[[ Recorded information open ]]

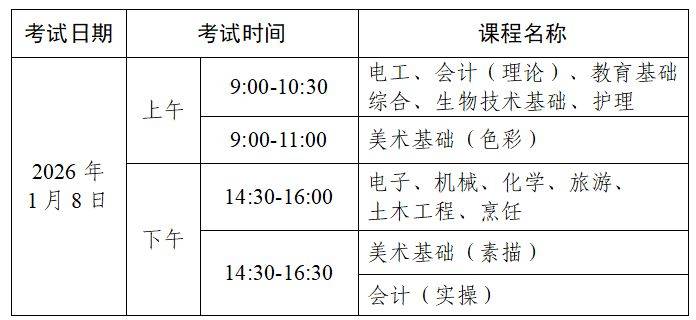 2026年第一次广东省中等职业技术教育专业技能课程考试时间+考点安排
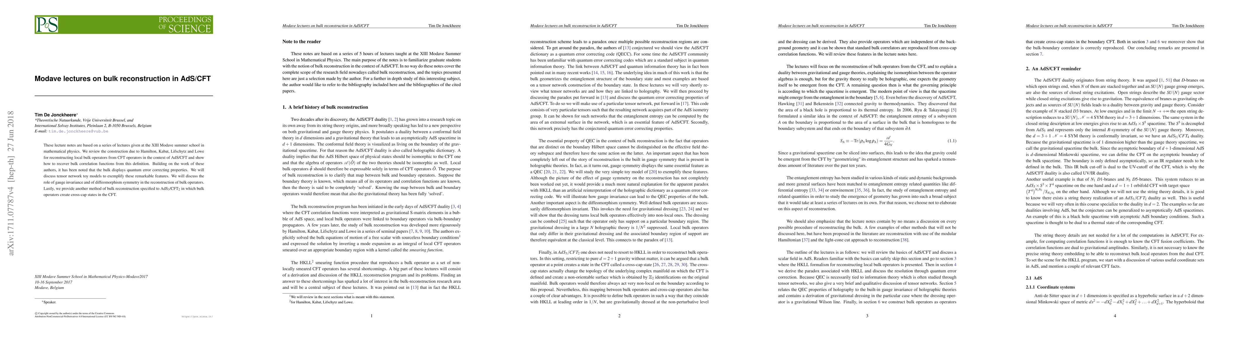 These lecture notes review the reconstruction of local bulk operators from CFT operators in AdS/CFT, emphasizing the quantum error-correcting properties of the bulk and the role of gauge and diffeomorphism symmetries. They also introduce a specialized method for AdS$_3$/CFT$_2$ that creates cross-cap states in the CFT.
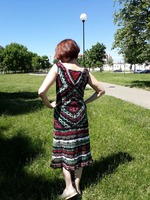 Подол платья довязала однотонными нитками, подобранными по цвету.
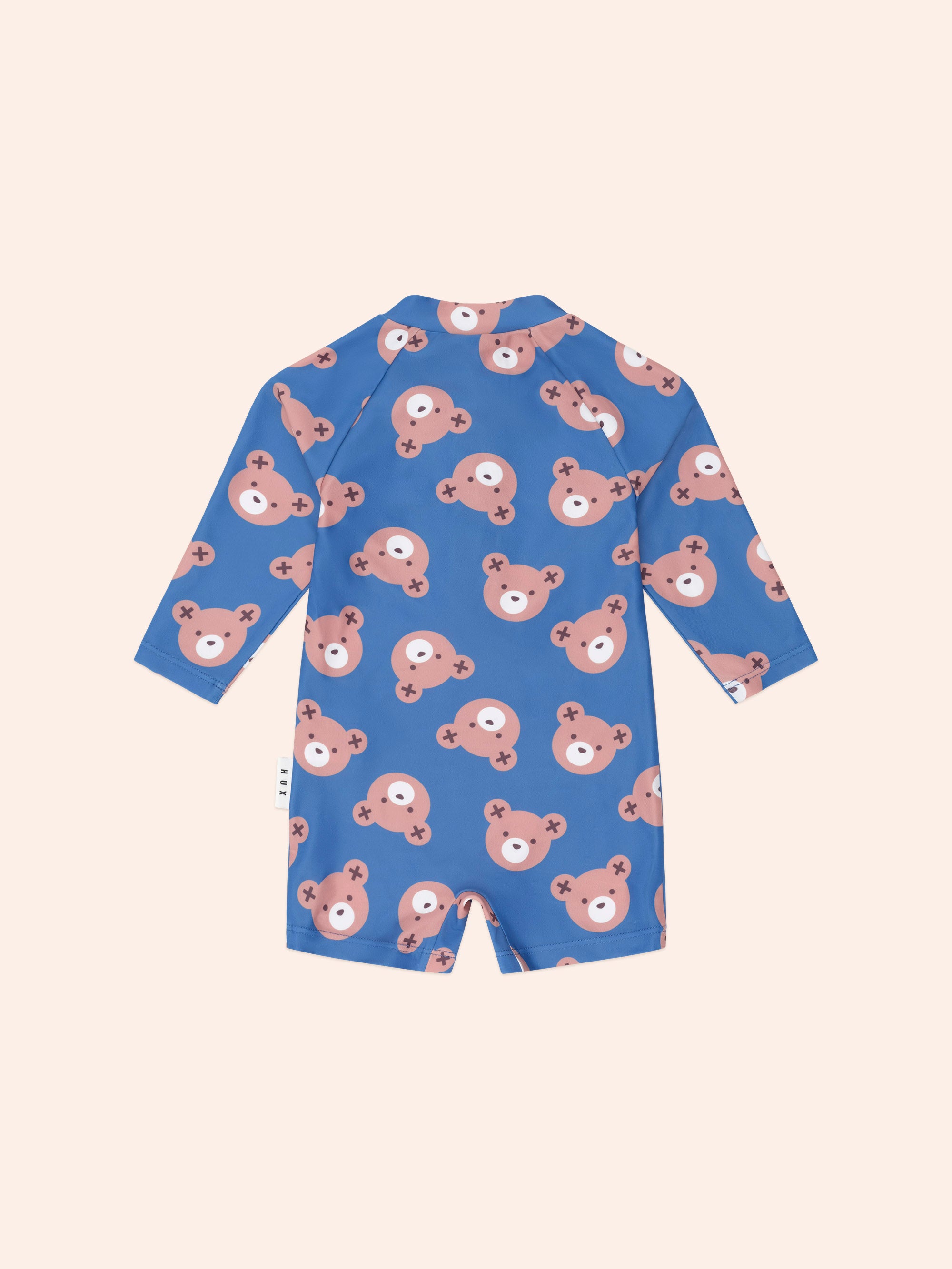 Keep your little one safe in the sun with the Classic Hux Rashie by Huxbaby. This adorable one piece rashsuit features long sleeves and a charming all over Huxbear print, combining style with serious sun protection. Made from super soft, GRS certified recycled polyester, it offers UPF 50+ fabric for maximum UV protection. Designed for comfort and ease, it includes a front zipper with a protective zipper guard to prevent irritation. Sustainably produced and dyed with safe, AZO free dyes, the Classic Hux Rashie is the perfect eco-friendly choice for sunny days by the water.
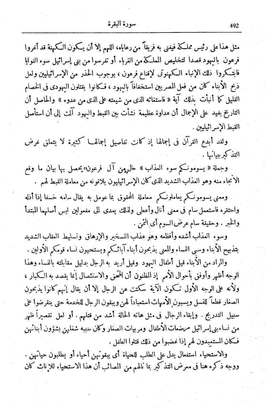 مِثْلُ هَذَا عَلَى رَئِيسِ مَمْلَكَةٍ فَيُفْنِي بِهِ فَرِيقًا مِنْ رَعَايَاهُ، اللَّهُمَّ إِلَّا أَنْ يَكُونَ الْكَهَنَةُ قَدْ أَغْرَوْا فِرْعَوْنَ بِالْيَهُودِ قَصْدًا لِتَخْلِيصِ الْمَمْلَكَةِ مِنَ الْغُرَبَاءِ أَوْ تَفَرَّسُوا مِنْ بَنِي إِسْرَائِيلَ سُوءَ النَّوَايَا فَابْتَكَرُوا ذَلِكَ الْإِنْبَاءَ الْكَهَنُوتِيَّ لِإِقْنَاعِ فِرْعَوْنَ، بِوُجُوبِ الْحَذَرِ مِنَ الْإِسْرَائِيلِيِّينَ وَلَعَلَّ ذَبْحَ الْأَبْنَاءِ كَانَ مِنْ فِعْلِ الْمِصْرِيِّينَ اسْتِخْفَافًا بِالْيَهُودِ، فَكَانُوا يَقْتُلُونَ الْيَهُودِيَّ فِي الْخِصَامِ الْقَلِيلِ كَمَا أَنْبَأَتْ بِذَلِكَ آيَةُ فَاسْتَغاثَهُ الَّذِي مِنْ شِيعَتِهِ عَلَى الَّذِي مِنْ عَدُوِّهِ [الْقَصَص: 15] وَالْحَاصِلُ أَنَّ التَّارِيخَ يُفِيدُ عَلَى الْإِجْمَالِ أَنَّ عَدَاوَةً عَظِيمَةً نَشَأَتْ بَيْنَ الْقِبْطِ وَالْيَهُودِ آلَتْ إِلَى أَنِ اسْتَأْصَلَ الْقِبْطُ الْإِسْرَائِيلِيِّينَ. وَلَقَدْ أَبْدَعَ الْقُرْآنُ فِي إِجْمَالِهَا إِذْ كَانَتْ تَفَاصِيلُ إِجْمَالِهَا كَثِيرَةً لَا يَتَعَلَّقُ غَرَضُ التَّذْكِيرِ بِبَيَانِهَا.
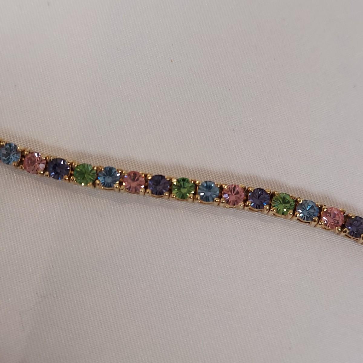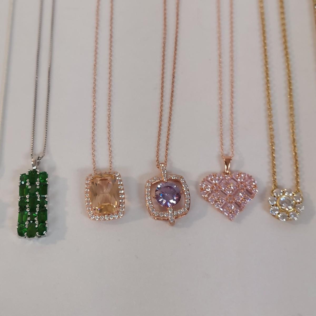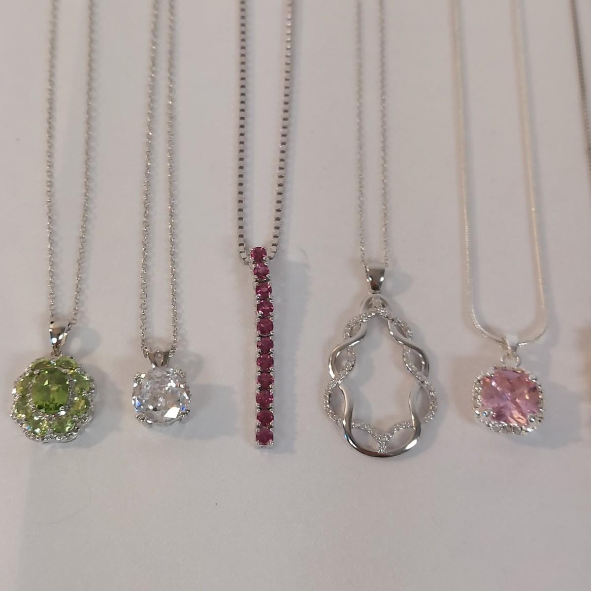 Several pieces of delicate jewelry with colored stones. Lot includes 10 necklaces, one bracelet and three stackable rings. The necklaces range from 16-18" long. The rings and bracelet appear to be a set. Some items are stamped .925. Some stones appear to be glass simulants while others may be semi precious stones. Please see photos for all markings found. We cannot guarantee the authenticity of the gemstones. All sales are final. No returns or refunds. Please bid accordingly.
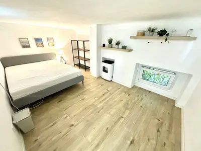 The windows face the inner courtyard, making it very QUIET! FULLY EQUIPPED and FURNISHED! Layout includes a LIVING ROOM, KITCHEN, BEDROOM, STUDYROOM and a BATHROOM.
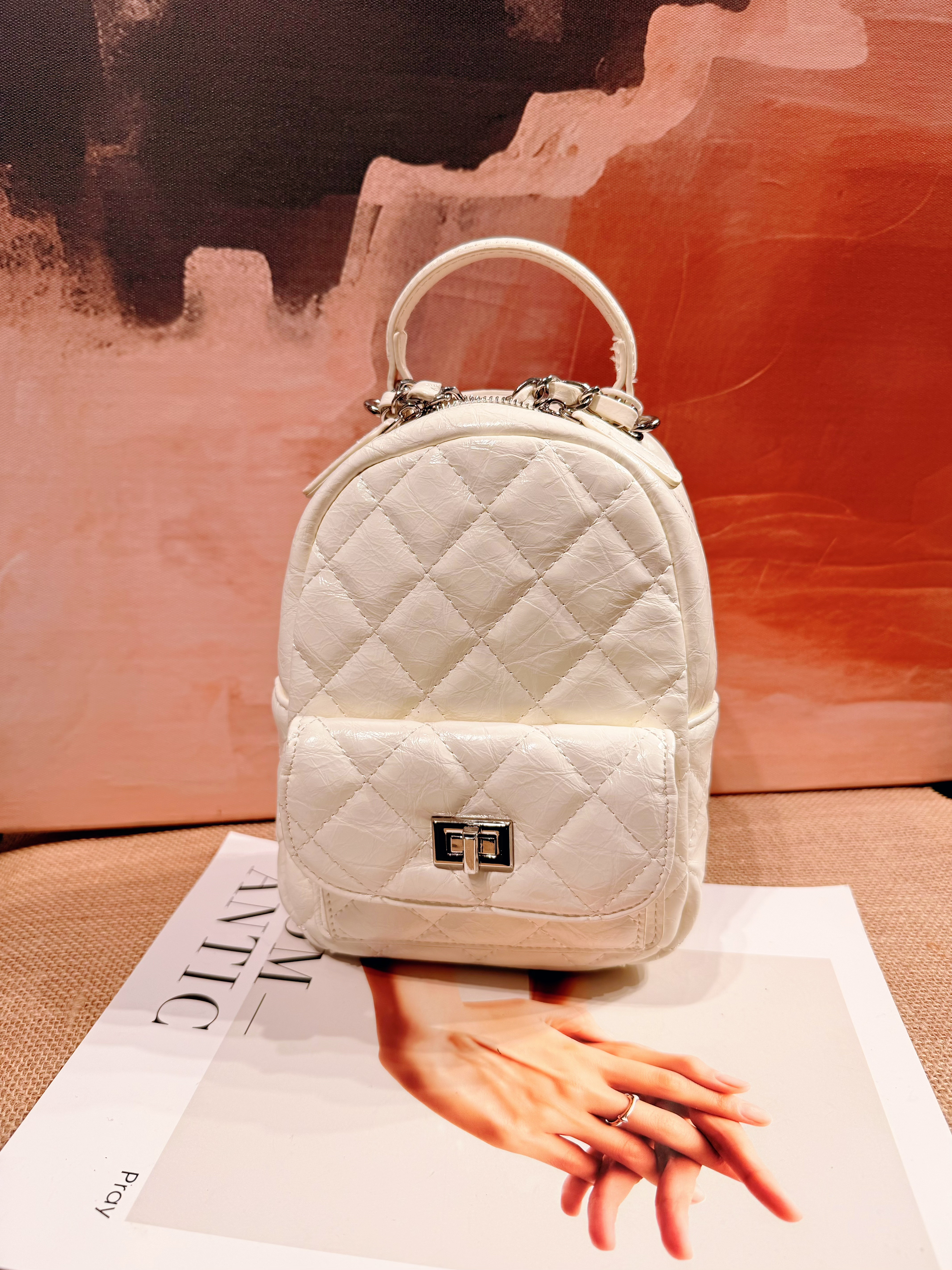 2026新款时尚手提百搭真皮油蜡皮菱格链条双肩背包高级通勤女皮包
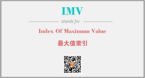 上述内容是“Index Of Maximum Value”作为“IMV”的缩写,解释为“最大值索引”时的信息,以及英文缩略词IMV所代表的英文单词,其对应的中文拼音、详细解释以及在英文中的流行度和相关分类、应用领域及应用示例等。
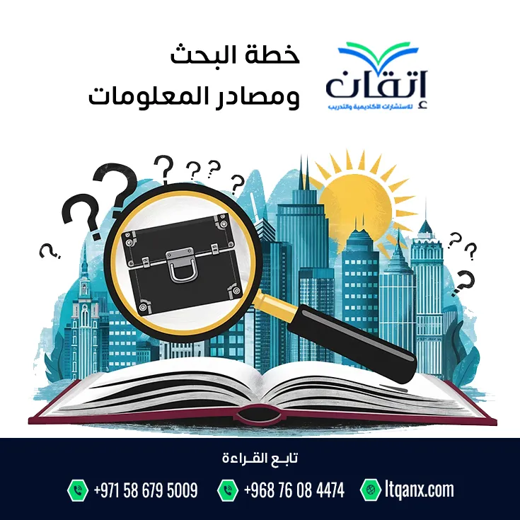 في النهاية، يمثل النجاح في البحث العلمي دمجًا متقنًا بين خطة البحث ومصادر المعلومات الموثوقة والمنظمة بعناية؛ ولذلك تقدم إتقان للاستشارات الأكاديمية والتدريب الدعم الكامل في خدمات إعداد البحث العلمي، من اختيار الموضوع إلى جمع المصادر وتحليلها وتوثيقها بطريقة احترافية، نحن نخدم الباحثين في السعودية، الإمارات، قطر، الكويت، عمان، وجميع الدول العربية لضمان أفضل جودة للبحث، لا تتردد في التواصل معنا على الواتساب للحصول على استشارة سريعة ومباشرة، دع إتقان يكون شريكك في الوصول إلى بحث علمي متميز وموثوق يعكس مجهودك وأفكارك بدقة.
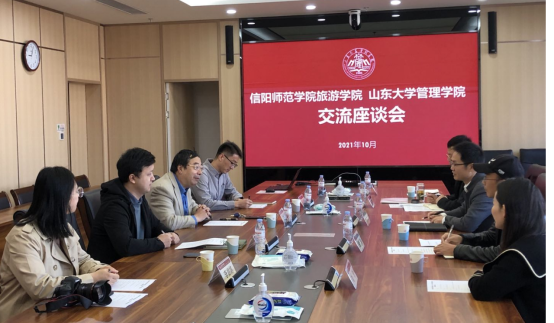 山东大学管理学院党委书记吉小青、实验室主任杨海军、文化和旅游学系主任孙晋坤等出席了座谈会。吉小青书记对高军波院长一行的到来表示了热烈欢迎,并介绍了山东大学及管理学院的发展历史、专业机构设置、学科建设及科研等情况。高军波院长介绍了信阳师范学院及太阳成集团tyc9728的发展现状、历史沿革、组织结构设置及今后的发展思路,并希望在人才培养、师资建设、科学研究等方面与山东大学管理学院保持长期交流。双方围绕旅游管理虚拟仿真中心与教学、科研、社会服务,以及虚拟仿真中心建设、管理和维护中存在的主要问题进行了深入探讨和交流。随后,考察组参观了山东大学管理学院的“管理学科国家级实验教学示范中心”、“管理学科国家级虚拟仿真实验教学中心”,重点考察了“山东大学TBL旅游行为实验室”的建设及运营管理,并就专业实验室在教学、科研、社会服务等方面的应用进行了深入交流和探讨。

[[ Recorded information closed ]]

All records above should be duplicated exactly, with the pictures omitted.

◆ Solution to this exercise ◆
 2026年第一次广东省中等职业技术教育专业技能课程考试时间+考点安排
 These lecture notes review the reconstruction of local bulk operators from CFT operators in AdS/CFT, emphasizing the quantum error-correcting properties of the bulk and the role of gauge and diffeomorphism symmetries. They also introduce a specialized method for AdS$_3$/CFT$_2$ that creates cross-cap states in the CFT.
 Подол платья довязала однотонными нитками, подобранными по цвету.
 Keep your little one safe in the sun with the Classic Hux Rashie by Huxbaby. This adorable one piece rashsuit features long sleeves and a charming all over Huxbear print, combining style with serious sun protection. Made from super soft, GRS certified recycled polyester, it offers UPF 50+ fabric for maximum UV protection. Designed for comfort and ease, it includes a front zipper with a protective zipper guard to prevent irritation. Sustainably produced and dyed with safe, AZO free dyes, the Classic Hux Rashie is the perfect eco-friendly choice for sunny days by the water.
 مِثْلُ هَذَا عَلَى رَئِيسِ مَمْلَكَةٍ فَيُفْنِي بِهِ فَرِيقًا مِنْ رَعَايَاهُ، اللَّهُمَّ إِلَّا أَنْ يَكُونَ الْكَهَنَةُ قَدْ أَغْرَوْا فِرْعَوْنَ بِالْيَهُودِ قَصْدًا لِتَخْلِيصِ الْمَمْلَكَةِ مِنَ الْغُرَبَاءِ أَوْ تَفَرَّسُوا مِنْ بَنِي إِسْرَائِيلَ سُوءَ النَّوَايَا فَابْتَكَرُوا ذَلِكَ الْإِنْبَاءَ الْكَهَنُوتِيَّ لِإِقْنَاعِ فِرْعَوْنَ، بِوُجُوبِ الْحَذَرِ مِنَ الْإِسْرَائِيلِيِّينَ وَلَعَلَّ ذَبْحَ الْأَبْنَاءِ كَانَ مِنْ فِعْلِ الْمِصْرِيِّينَ اسْتِخْفَافًا بِالْيَهُودِ، فَكَانُوا يَقْتُلُونَ الْيَهُودِيَّ فِي الْخِصَامِ الْقَلِيلِ كَمَا أَنْبَأَتْ بِذَلِكَ آيَةُ فَاسْتَغاثَهُ الَّذِي مِنْ شِيعَتِهِ عَلَى الَّذِي مِنْ عَدُوِّهِ [الْقَصَص: 15] وَالْحَاصِلُ أَنَّ التَّارِيخَ يُفِيدُ عَلَى الْإِجْمَالِ أَنَّ عَدَاوَةً عَظِيمَةً نَشَأَتْ بَيْنَ الْقِبْطِ وَالْيَهُودِ آلَتْ إِلَى أَنِ اسْتَأْصَلَ الْقِبْطُ الْإِسْرَائِيلِيِّينَ. وَلَقَدْ أَبْدَعَ الْقُرْآنُ فِي إِجْمَالِهَا إِذْ كَانَتْ تَفَاصِيلُ إِجْمَالِهَا كَثِيرَةً لَا يَتَعَلَّقُ غَرَضُ التَّذْكِيرِ بِبَيَانِهَا.
 Several pieces of delicate jewelry with colored stones. Lot includes 10 necklaces, one bracelet and three stackable rings. The necklaces range from 16-18" long. The rings and bracelet appear to be a set. Some items are stamped .925. Some stones appear to be glass simulants while others may be semi precious stones. Please see photos for all markings found. We cannot guarantee the authenticity of the gemstones. All sales are final. No returns or refunds. Please bid accordingly.
 The windows face the inner courtyard, making it very QUIET! FULLY EQUIPPED and FURNISHED! Layout includes a LIVING ROOM, KITCHEN, BEDROOM, STUDYROOM and a BATHROOM.
 2026新款时尚手提百搭真皮油蜡皮菱格链条双肩背包高级通勤女皮包
 上述内容是“Index Of Maximum Value”作为“IMV”的缩写,解释为“最大值索引”时的信息,以及英文缩略词IMV所代表的英文单词,其对应的中文拼音、详细解释以及在英文中的流行度和相关分类、应用领域及应用示例等。
 في النهاية، يمثل النجاح في البحث العلمي دمجًا متقنًا بين خطة البحث ومصادر المعلومات الموثوقة والمنظمة بعناية؛ ولذلك تقدم إتقان للاستشارات الأكاديمية والتدريب الدعم الكامل في خدمات إعداد البحث العلمي، من اختيار الموضوع إلى جمع المصادر وتحليلها وتوثيقها بطريقة احترافية، نحن نخدم الباحثين في السعودية، الإمارات، قطر، الكويت، عمان، وجميع الدول العربية لضمان أفضل جودة للبحث، لا تتردد في التواصل معنا على الواتساب للحصول على استشارة سريعة ومباشرة، دع إتقان يكون شريكك في الوصول إلى بحث علمي متميز وموثوق يعكس مجهودك وأفكارك بدقة.
 山东大学管理学院党委书记吉小青、实验室主任杨海军、文化和旅游学系主任孙晋坤等出席了座谈会。吉小青书记对高军波院长一行的到来表示了热烈欢迎,并介绍了山东大学及管理学院的发展历史、专业机构设置、学科建设及科研等情况。高军波院长介绍了信阳师范学院及太阳成集团tyc9728的发展现状、历史沿革、组织结构设置及今后的发展思路,并希望在人才培养、师资建设、科学研究等方面与山东大学管理学院保持长期交流。双方围绕旅游管理虚拟仿真中心与教学、科研、社会服务,以及虚拟仿真中心建设、管理和维护中存在的主要问题进行了深入探讨和交流。随后,考察组参观了山东大学管理学院的“管理学科国家级实验教学示范中心”、“管理学科国家级虚拟仿真实验教学中心”,重点考察了“山东大学TBL旅游行为实验室”的建设及运营管理,并就专业实验室在教学、科研、社会服务等方面的应用进行了深入交流和探讨。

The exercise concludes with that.